SINGAPORE and IRVINE, Calif., Jan. 15, 2016 (GLOBE NEWSWIRE) -- In connection with their previously announced business combination transaction, Avago Technologies Limited (NASDAQ:AVGO) and Broadcom Corporation (NASDAQ:BRCM) announced today that they have set the deadline for shareholders of Broadcom to make an election with respect to the form of consideration they wish to receive, subject to proration, to be 5:00 p.m., New York time, on January 25, 2016, which is based on the current expectation that the transaction will be completed on February 1, 2016.
Registered Broadcom shareholders are reminded that if they wish to make an election, they must complete, sign and return an Election Instruction Form and Letter of Transmittal to Computershare Trust Company, N.A., as exchange agent, by the election deadline. Shareholders holding shares through a broker, bank or other nominee should carefully follow the instructions provided by such broker, bank or other nominee to make an election. Such shareholders may be subject to an earlier deadline from their brokers, banks or nominees for making an election. Shareholders with questions should contact Georgeson Inc., the information agent for the transaction, at (888) 605-8334 or +1 (781) 575-2137 if calling from outside of the United States.

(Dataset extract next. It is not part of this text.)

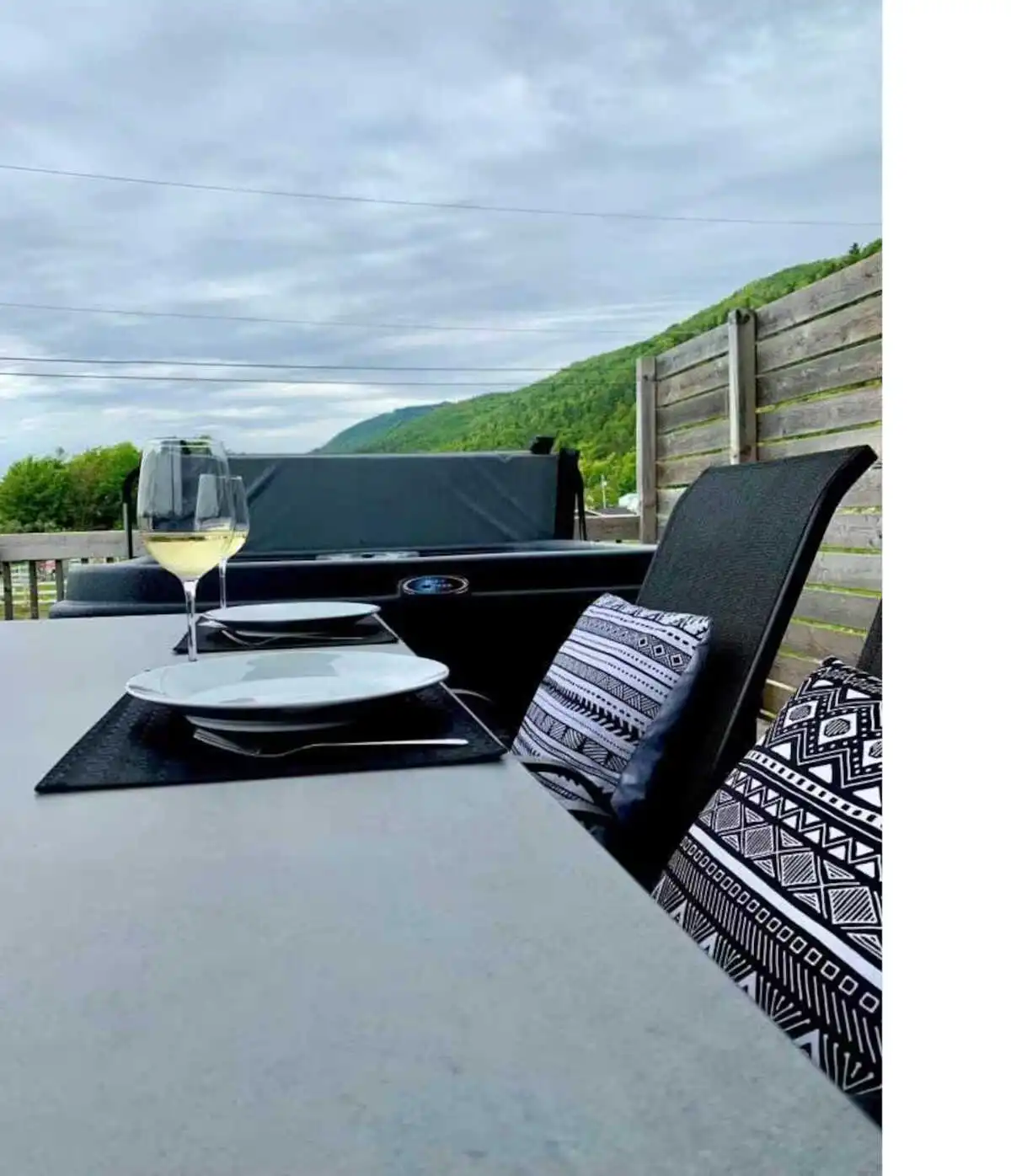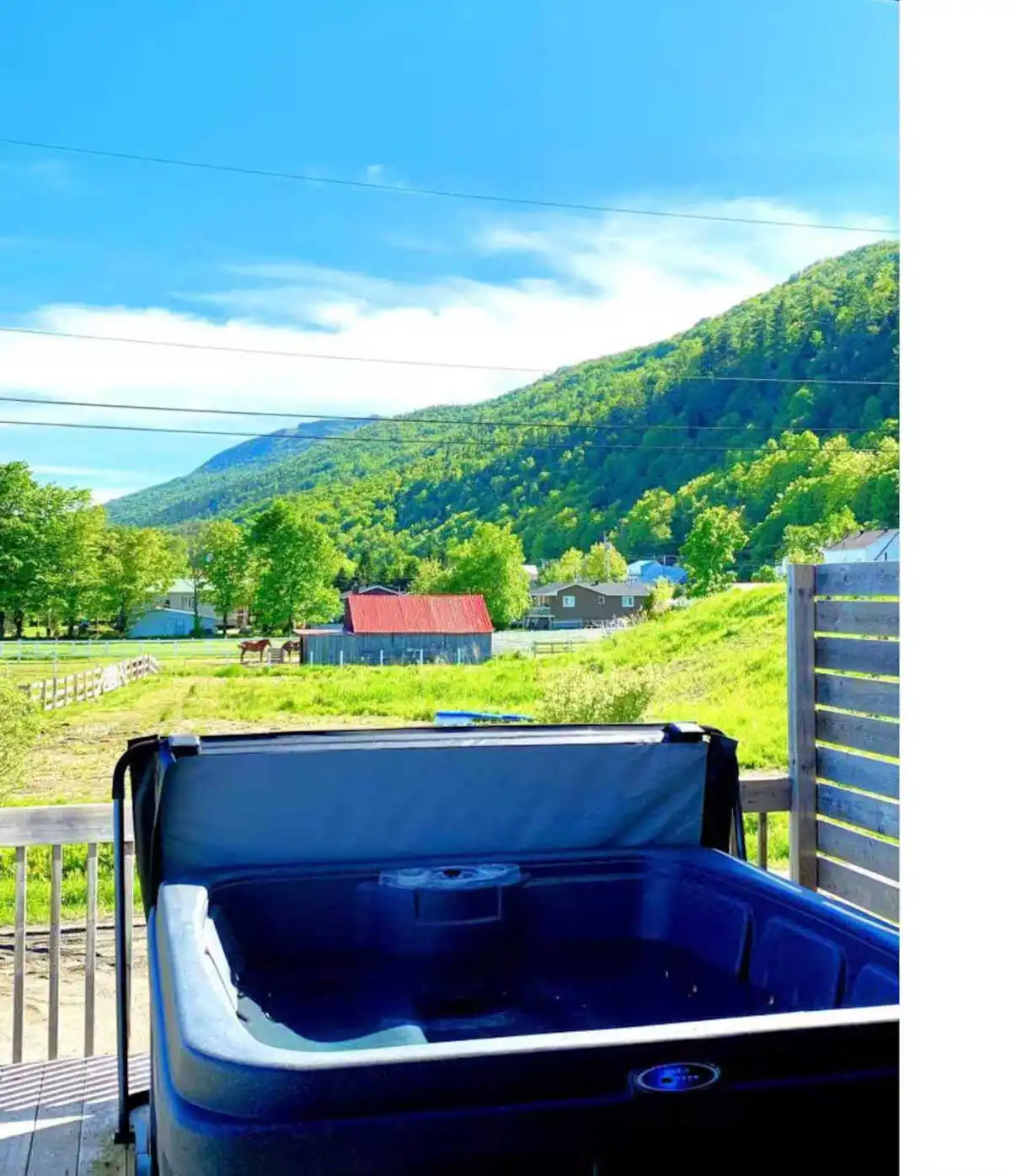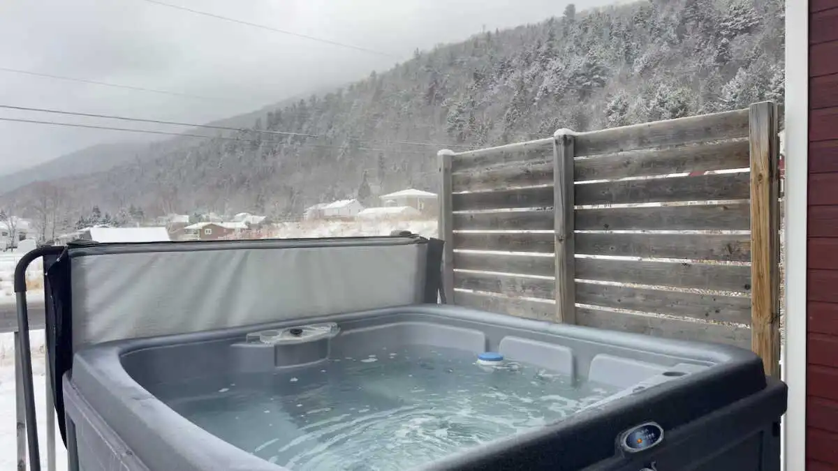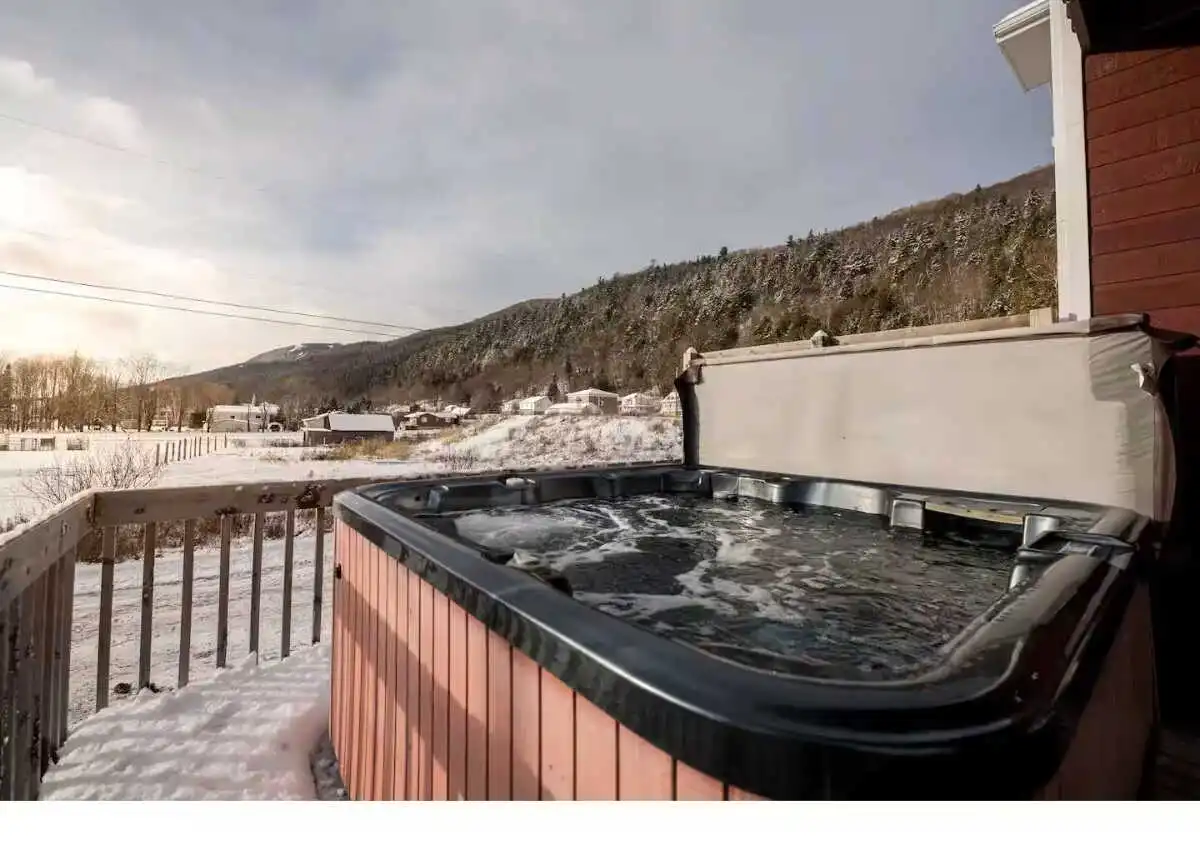 The experience doesn't stop at the chalet door, as outside you can enjoy a spacious terrace with private spa, offering a splendid view of the river and Le Massif de Charlevoix.

About Avago Technologies Limited
Avago Technologies Limited is a leading designer, developer and global supplier of a broad range of analog semiconductor devices with a focus on III-V based products and complex digital and mixed signal CMOS based devices. Avago’s product portfolio is extensive and includes thousands of products in four primary target markets: wireless communications, enterprise storage, wired infrastructure and industrial and other.
Broadcom Corporation, a FORTUNE 500® company, is a global leader and innovator in semiconductor solutions for wired and wireless communications. Broadcom® products seamlessly deliver voice, video, data and multimedia connectivity in the home, office and mobile environments. With one of the industry’s broadest portfolio of state-of-the-art system-on-a-chip solutions, Broadcom is changing the world by Connecting everything®. For more information, go to www.broadcom.com.
All statements included or incorporated by reference in this document, other than statements or characterizations of historical fact, are forward-looking statements within the meaning of the federal securities laws, including Section 27A of the Securities Act of 1933, as amended, and Section 21E of the Securities Exchange Act of 1934, as amended. These forward-looking statements are based on Avago’s and Broadcom’s current expectations, estimates and projections about its business and industry, management’s beliefs, and certain assumptions made by Broadcom and Avago, all of which are subject to change. Forward-looking statements can often be identified by words such as “anticipates,” “expects,” “intends,” “plans,” “predicts,” “believes,” “seeks,” “estimates,” “may,” “will,” “should,” “would,” “could,” “potential,” “continue,” “ongoing,” similar expressions, and variations or negatives of these words. Examples of such forward-looking statements include, but are not limited to, the expected date of closing of the transaction. These forward-looking statements are not guarantees of future results and are subject to risks, uncertainties and assumptions that could cause actual results to differ materially and adversely from those expressed in any forward-looking statement.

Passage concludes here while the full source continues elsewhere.